* **EXERCISE GOAL**: Reproduce the listing below from the line with "Встречайте масштабное обновление" to the line with "The bright living", both lines included, character for character, minus any pictures.

* **EXERCISE MATERIAL**:
________

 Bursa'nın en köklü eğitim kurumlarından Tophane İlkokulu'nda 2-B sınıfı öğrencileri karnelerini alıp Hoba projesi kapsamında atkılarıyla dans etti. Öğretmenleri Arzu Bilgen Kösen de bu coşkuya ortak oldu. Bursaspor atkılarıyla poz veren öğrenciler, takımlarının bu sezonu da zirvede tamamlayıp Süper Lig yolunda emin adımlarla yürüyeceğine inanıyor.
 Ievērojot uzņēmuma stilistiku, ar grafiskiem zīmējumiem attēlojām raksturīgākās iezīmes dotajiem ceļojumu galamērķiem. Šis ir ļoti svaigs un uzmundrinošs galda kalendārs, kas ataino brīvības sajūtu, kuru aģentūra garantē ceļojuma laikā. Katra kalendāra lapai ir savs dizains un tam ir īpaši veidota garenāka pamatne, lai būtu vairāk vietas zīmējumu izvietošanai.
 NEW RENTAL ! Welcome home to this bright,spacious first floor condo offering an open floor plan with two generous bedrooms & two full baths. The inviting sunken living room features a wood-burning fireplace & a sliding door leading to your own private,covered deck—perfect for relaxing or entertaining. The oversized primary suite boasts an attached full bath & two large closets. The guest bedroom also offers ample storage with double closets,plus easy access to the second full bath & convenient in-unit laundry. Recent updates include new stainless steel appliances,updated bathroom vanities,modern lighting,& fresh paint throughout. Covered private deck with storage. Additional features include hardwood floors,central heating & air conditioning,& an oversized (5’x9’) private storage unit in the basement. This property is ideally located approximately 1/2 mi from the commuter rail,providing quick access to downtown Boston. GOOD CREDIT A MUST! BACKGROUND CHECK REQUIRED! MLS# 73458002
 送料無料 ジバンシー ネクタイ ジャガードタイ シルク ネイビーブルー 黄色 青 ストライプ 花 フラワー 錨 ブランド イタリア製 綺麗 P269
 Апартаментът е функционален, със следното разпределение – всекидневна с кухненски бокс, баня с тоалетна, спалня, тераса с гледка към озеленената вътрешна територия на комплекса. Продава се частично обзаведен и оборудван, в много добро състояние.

________

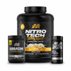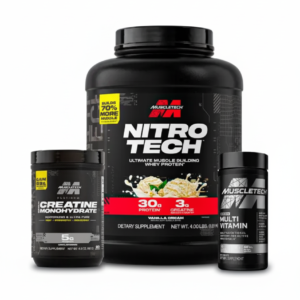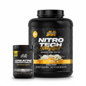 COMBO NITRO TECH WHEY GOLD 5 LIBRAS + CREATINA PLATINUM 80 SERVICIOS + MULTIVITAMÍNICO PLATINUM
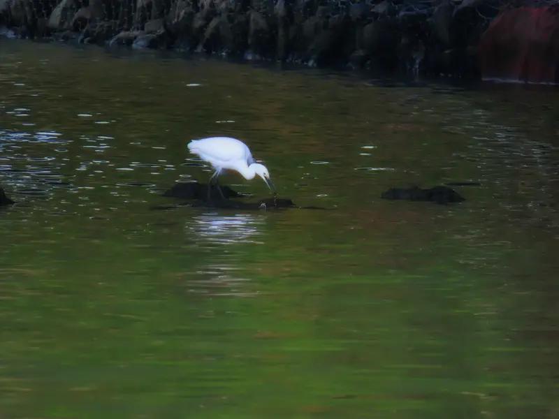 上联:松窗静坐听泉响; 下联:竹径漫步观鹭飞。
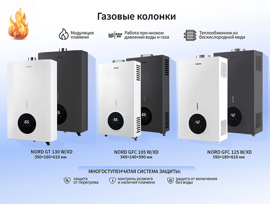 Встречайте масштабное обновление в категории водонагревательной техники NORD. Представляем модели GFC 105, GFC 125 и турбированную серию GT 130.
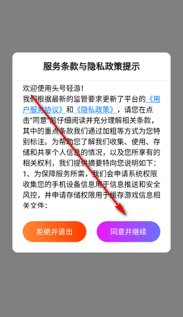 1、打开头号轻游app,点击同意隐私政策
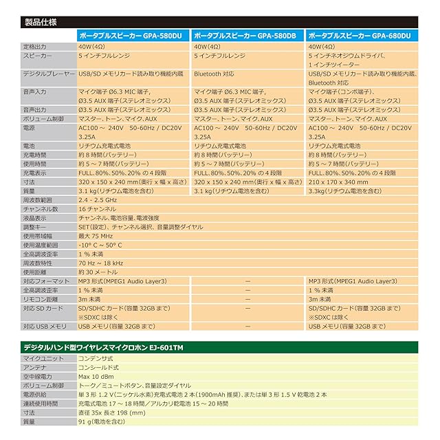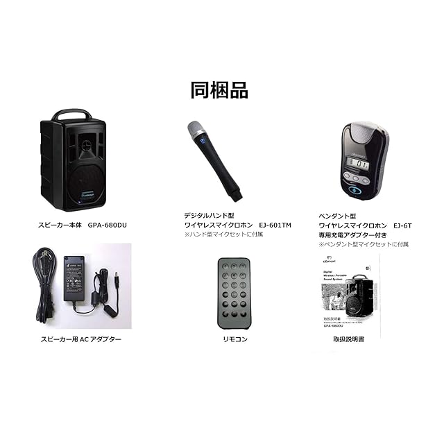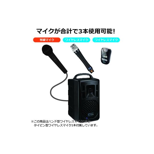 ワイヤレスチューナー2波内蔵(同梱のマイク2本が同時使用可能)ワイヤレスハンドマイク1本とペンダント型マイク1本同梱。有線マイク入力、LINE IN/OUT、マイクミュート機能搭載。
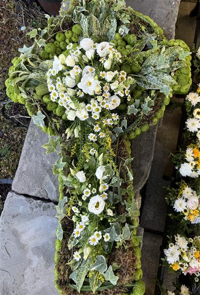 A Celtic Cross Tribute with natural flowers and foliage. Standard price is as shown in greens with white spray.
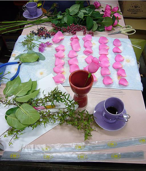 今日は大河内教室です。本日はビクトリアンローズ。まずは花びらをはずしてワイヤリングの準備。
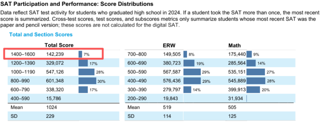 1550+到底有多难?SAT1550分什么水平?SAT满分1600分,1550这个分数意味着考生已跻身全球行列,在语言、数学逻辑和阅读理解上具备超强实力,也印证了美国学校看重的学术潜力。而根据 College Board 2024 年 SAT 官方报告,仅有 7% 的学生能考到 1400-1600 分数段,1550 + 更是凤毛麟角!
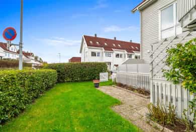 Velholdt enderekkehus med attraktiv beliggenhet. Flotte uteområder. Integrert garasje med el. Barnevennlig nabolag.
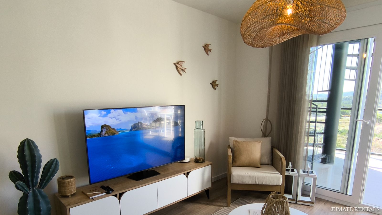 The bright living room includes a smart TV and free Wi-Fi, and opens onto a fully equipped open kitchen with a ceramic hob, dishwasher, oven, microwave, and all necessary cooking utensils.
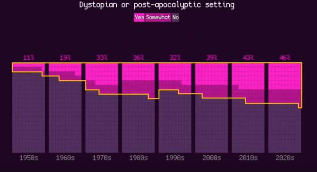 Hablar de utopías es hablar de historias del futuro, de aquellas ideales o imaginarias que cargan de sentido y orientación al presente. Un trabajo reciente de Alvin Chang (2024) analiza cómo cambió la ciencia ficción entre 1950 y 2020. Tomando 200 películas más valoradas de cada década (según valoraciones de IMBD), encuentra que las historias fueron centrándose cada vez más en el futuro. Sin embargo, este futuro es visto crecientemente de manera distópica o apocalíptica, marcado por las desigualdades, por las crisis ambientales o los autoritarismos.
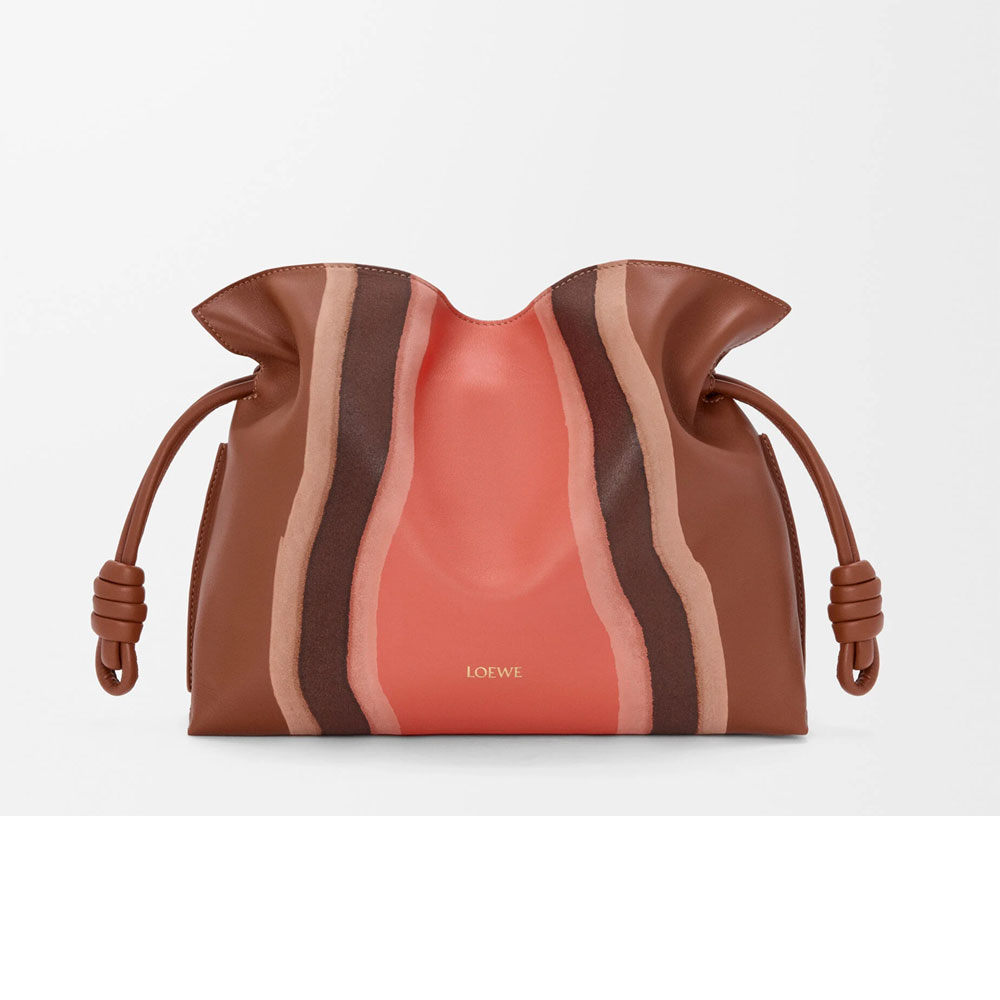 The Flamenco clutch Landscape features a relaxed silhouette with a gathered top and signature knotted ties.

________

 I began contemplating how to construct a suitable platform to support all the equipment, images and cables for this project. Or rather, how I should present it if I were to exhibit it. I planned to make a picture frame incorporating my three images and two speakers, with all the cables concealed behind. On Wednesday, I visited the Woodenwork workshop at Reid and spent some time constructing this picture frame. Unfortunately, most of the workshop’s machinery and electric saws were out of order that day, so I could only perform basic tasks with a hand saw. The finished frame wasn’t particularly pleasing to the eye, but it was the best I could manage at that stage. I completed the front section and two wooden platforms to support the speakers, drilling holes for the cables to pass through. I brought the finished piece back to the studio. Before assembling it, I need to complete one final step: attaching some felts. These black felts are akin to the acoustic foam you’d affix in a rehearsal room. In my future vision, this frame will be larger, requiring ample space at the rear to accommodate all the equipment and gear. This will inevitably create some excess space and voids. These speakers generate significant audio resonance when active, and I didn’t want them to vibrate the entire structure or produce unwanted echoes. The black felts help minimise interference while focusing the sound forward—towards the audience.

________

* **TASK SOLUTION**:
 Встречайте масштабное обновление в категории водонагревательной техники NORD. Представляем модели GFC 105, GFC 125 и турбированную серию GT 130.
 1、打开头号轻游app,点击同意隐私政策
 ワイヤレスチューナー2波内蔵(同梱のマイク2本が同時使用可能)ワイヤレスハンドマイク1本とペンダント型マイク1本同梱。有線マイク入力、LINE IN/OUT、マイクミュート機能搭載。
 A Celtic Cross Tribute with natural flowers and foliage. Standard price is as shown in greens with white spray.
 今日は大河内教室です。本日はビクトリアンローズ。まずは花びらをはずしてワイヤリングの準備。
 1550+到底有多难?SAT1550分什么水平?SAT满分1600分,1550这个分数意味着考生已跻身全球行列,在语言、数学逻辑和阅读理解上具备超强实力,也印证了美国学校看重的学术潜力。而根据 College Board 2024 年 SAT 官方报告,仅有 7% 的学生能考到 1400-1600 分数段,1550 + 更是凤毛麟角!
 Velholdt enderekkehus med attraktiv beliggenhet. Flotte uteområder. Integrert garasje med el. Barnevennlig nabolag.
 The bright living room includes a smart TV and free Wi-Fi, and opens onto a fully equipped open kitchen with a ceramic hob, dishwasher, oven, microwave, and all necessary cooking utensils.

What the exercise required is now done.